- **YOUR ASSIGNMENT**: Output every line of the material exactly, omitting images.

- **RAW DATA**:

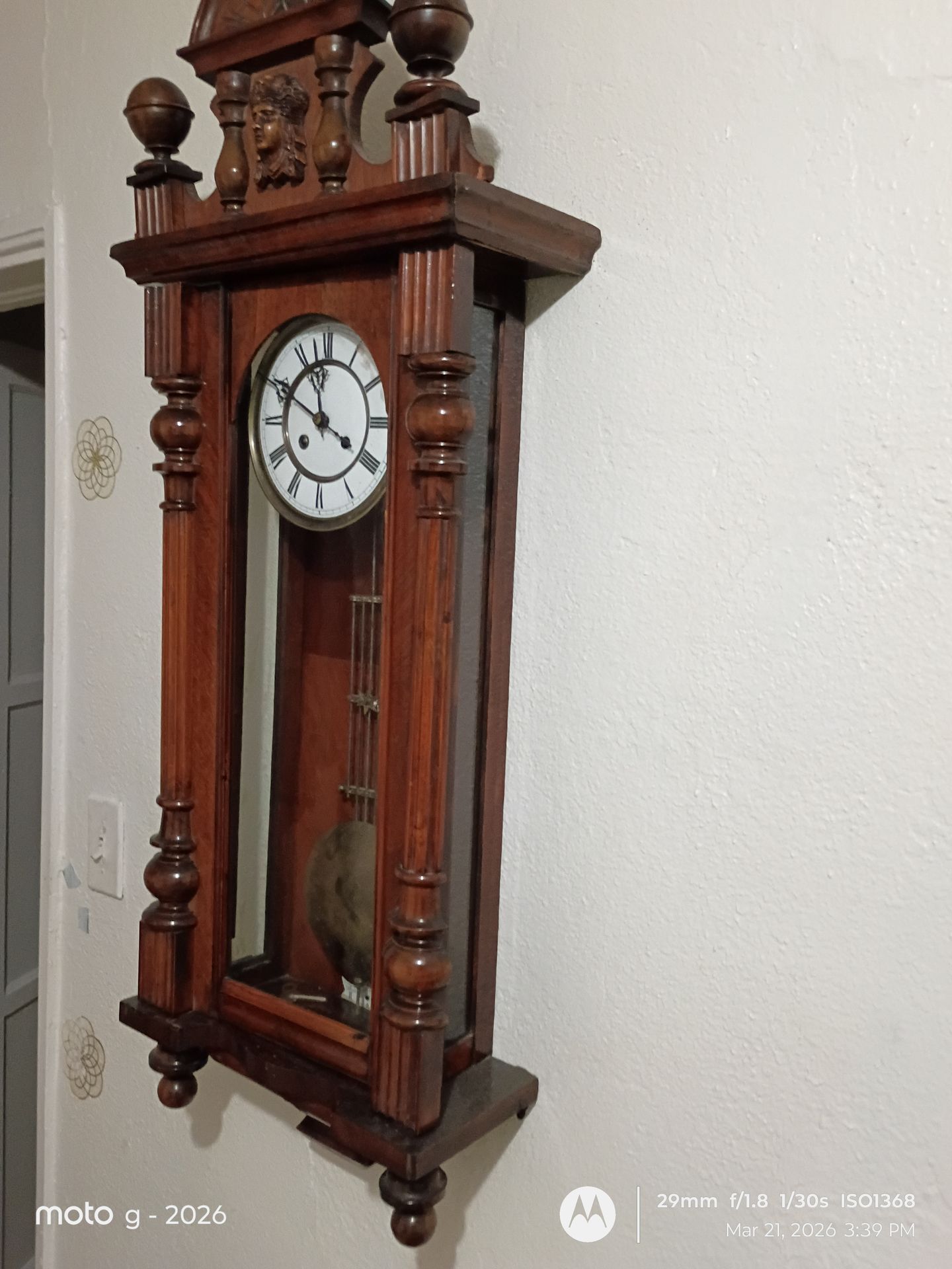 Wall clocks in mint condition Is from the late 19th century 1(contact info removed) traditionalcarved details fluted columns ornate finisls and a central carved mask or face on the top pendament
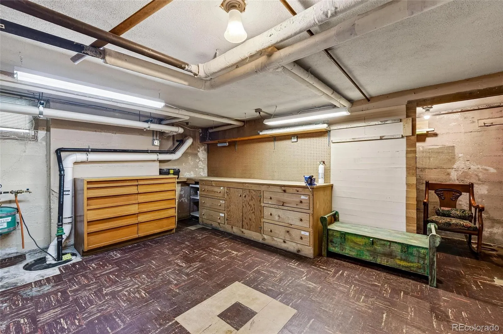 Spacious main-floor bedrooms feature unique original built-ins, with a versatile den or large closet off the second bedroom. The basement includes two non-conforming bedrooms, a 3/4 bathroom, a workshop/mechanical room with ample shelving, and a 10′ x 4′ pantry or storage. A radon mitigation system, installed in 2017, ensures peace of mind.
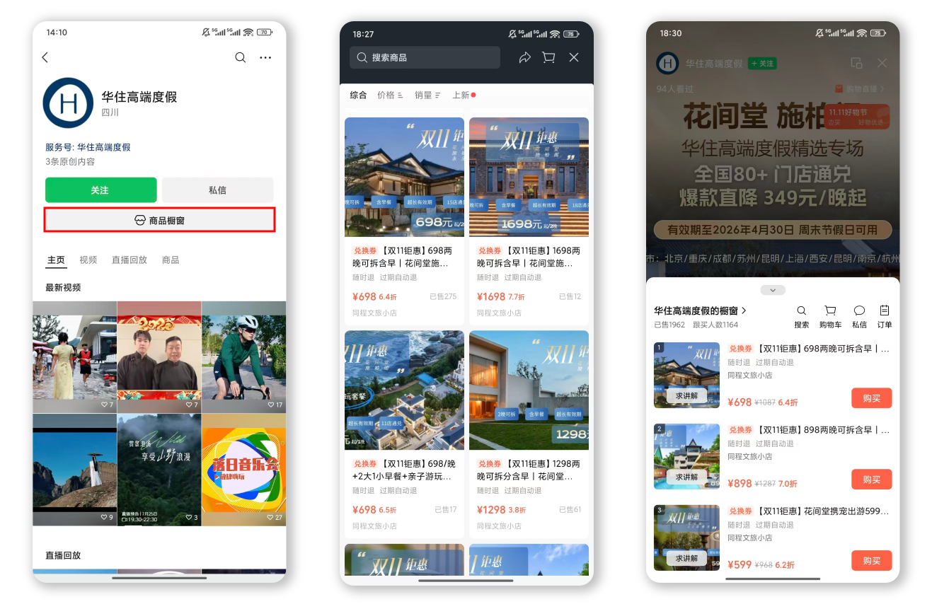 3.酒店民宿:无需专业运营团队,一键开通视频号橱窗、挂载房态/套餐,用户可直接交易;酒店集团可通过统一后台批量上架多品牌套餐,房态自动同步 PMS,规避超售风险。

- **COMPLETED EXERCISE**:
 Wall clocks in mint condition Is from the late 19th century 1(contact info removed) traditionalcarved details fluted columns ornate finisls and a central carved mask or face on the top pendament
 Spacious main-floor bedrooms feature unique original built-ins, with a versatile den or large closet off the second bedroom. The basement includes two non-conforming bedrooms, a 3/4 bathroom, a workshop/mechanical room with ample shelving, and a 10′ x 4′ pantry or storage. A radon mitigation system, installed in 2017, ensures peace of mind.
 3.酒店民宿:无需专业运营团队,一键开通视频号橱窗、挂载房态/套餐,用户可直接交易;酒店集团可通过统一后台批量上架多品牌套餐,房态自动同步 PMS,规避超售风险。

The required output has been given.